> High-Density Video Decoder\*\*: 96 channels of 1920x1080p > [...] > \*\*: @10 ...

novaRom · on Jan 10, 2023

10 fps should be fast enough to provide input tensors for real time inference with small scale transformers / convolutional nets.

scottlamb · on Jan 10, 2023

Maybe. Running inference at 10 fps is probably plenty. But that doesn't mean you only have to do 10 fps of H.264/H.265 decoding. I think the most common scenario is for the input video to be e.g. 30 fps with mostly P frames that each depend on the prior frame in a chain. In that case, you need to decode almost [1] 30 fps to get 10 fps of evenly spaced frames to process.

[1] You could skip the last P frame before an IDR frame, but that doesn't buy you much.

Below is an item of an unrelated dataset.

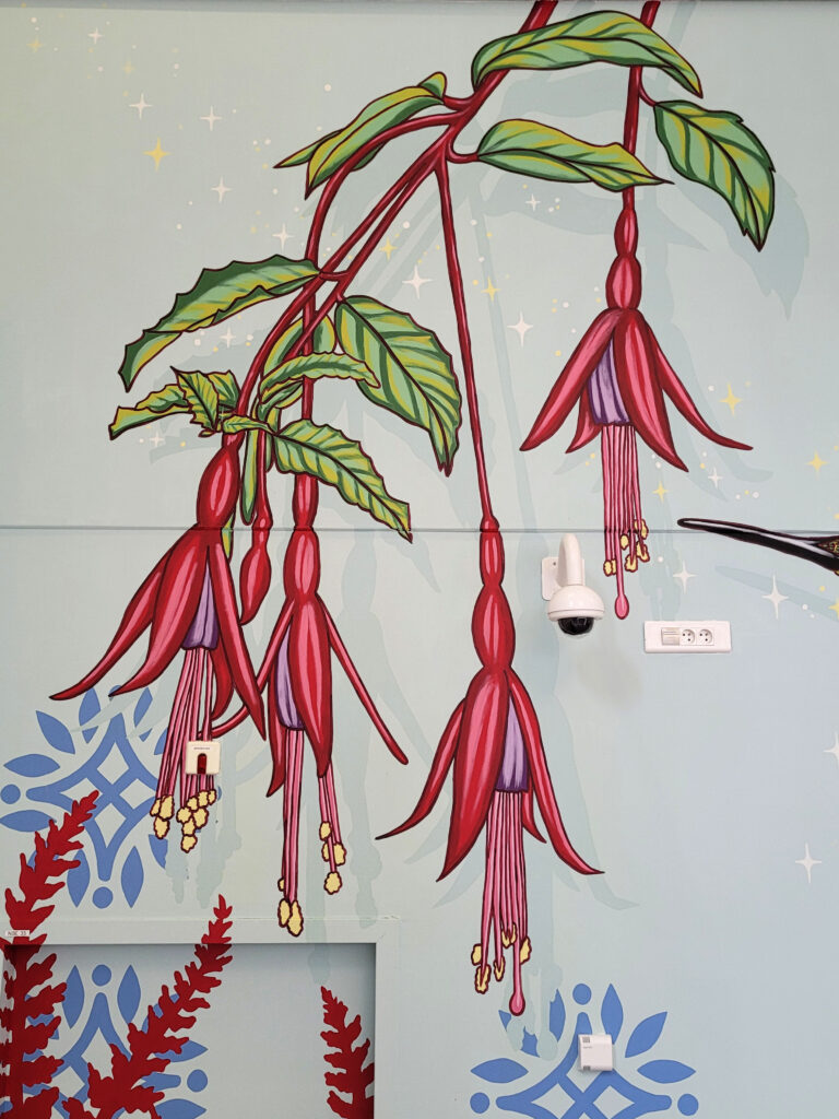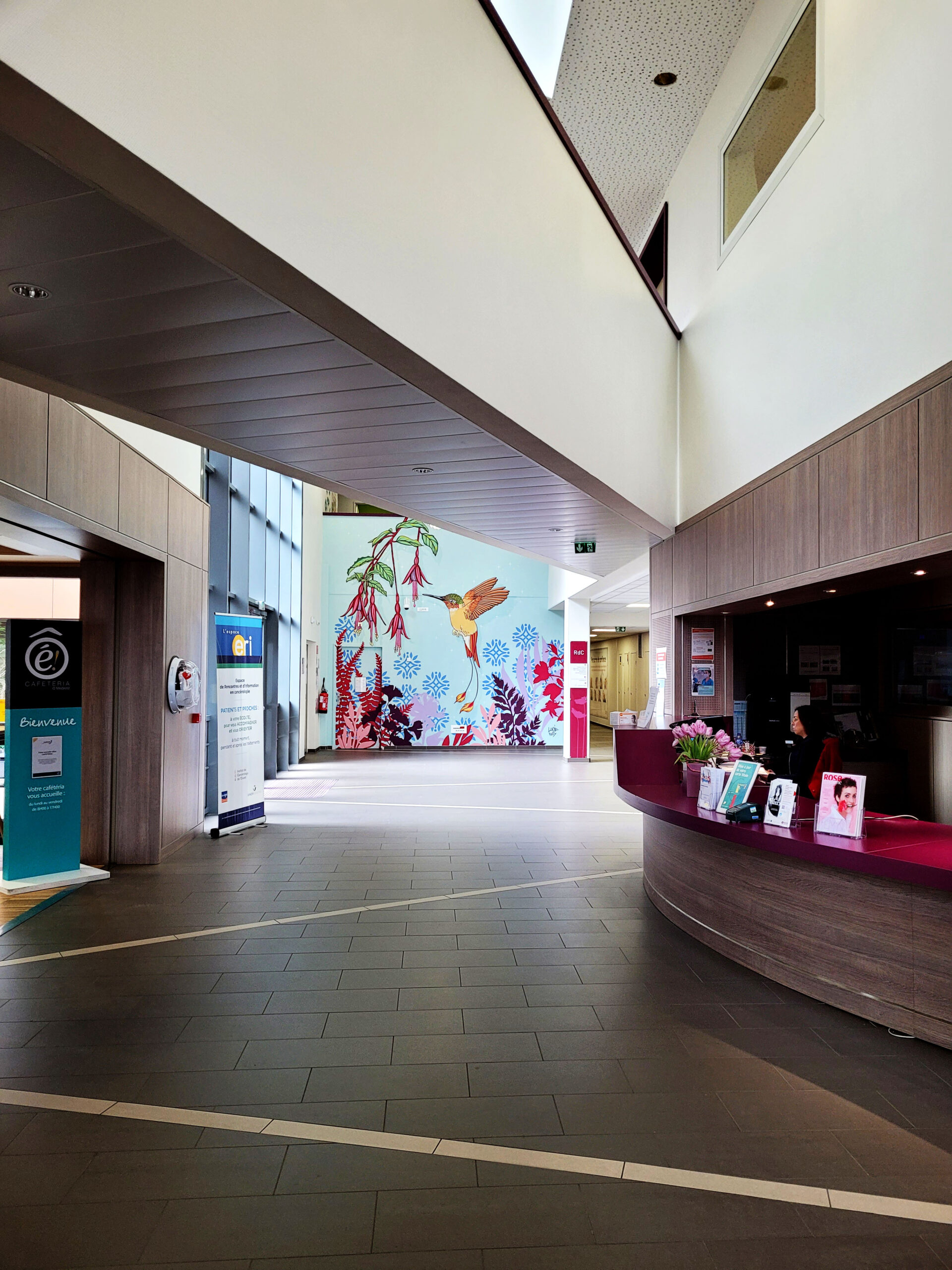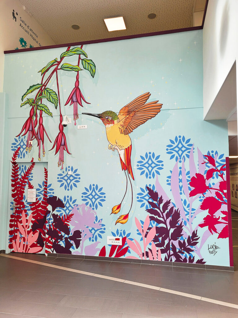 Dans le cadre du projet Art sur les murs, cette œuvre a été créée avec la participation des patients, soignants et aidants, pour apporter une touche de douceur au parcours de soin et initier chacun à l’art. Cette réalisation onirique a pour but d’accompagner les patients dans leur lutte contre le cancer. Un colibri, symbole de joie de vivre et de guérison, y prend son envol avec des allures de phénix et accueille les visiteurs dès leur entrée dans l’établissement. Le fuchsia, quant à lui, est un symbole de force et de résilience, tandis que les fougères représentent la renaissance.

zamadatix · on Jan 10, 2023

If your source is 96 YouTube videos sure, if it's 96 CCTV cameras it's different.

scottlamb · on Jan 10, 2023

Still depends. As it happens, I'm developing my own open source NVR software, [1] so I know a bit about this. Some cameras are fairly good about this, supporting the following features:

* "Temporal SVC", in which the frame dependencies are structured so you can discard down to 1/2 or 1/4th of the nominal frame rate and still decode the remainder.

* Three output streams, which you could configure for say forensics (high-bandwidth/high-resolution/high-fps), inference (mid-bandwidth/mid-resolution/low-fps), and viewing multiple streams / over mobile networks (low-bandwidth/low-resolution/mid-fps).

* On-camera ML tasks too. (Although I haven't seen one that lets you upload your own model.)

But other cameras are less good. E.g. some Reolinks [2] only support two streams, and the "sub" stream is fixed at 640x352, which is uncomfortably low. Your inference network may not take more resolution than that, but even if not, you might want to crop down to the area of interest (where there's motion and/or where the user has configured an alert) to improve quality. (You probably wouldn't pair that cheap Reolink camera with this expensive inference card, but the point stands in general.)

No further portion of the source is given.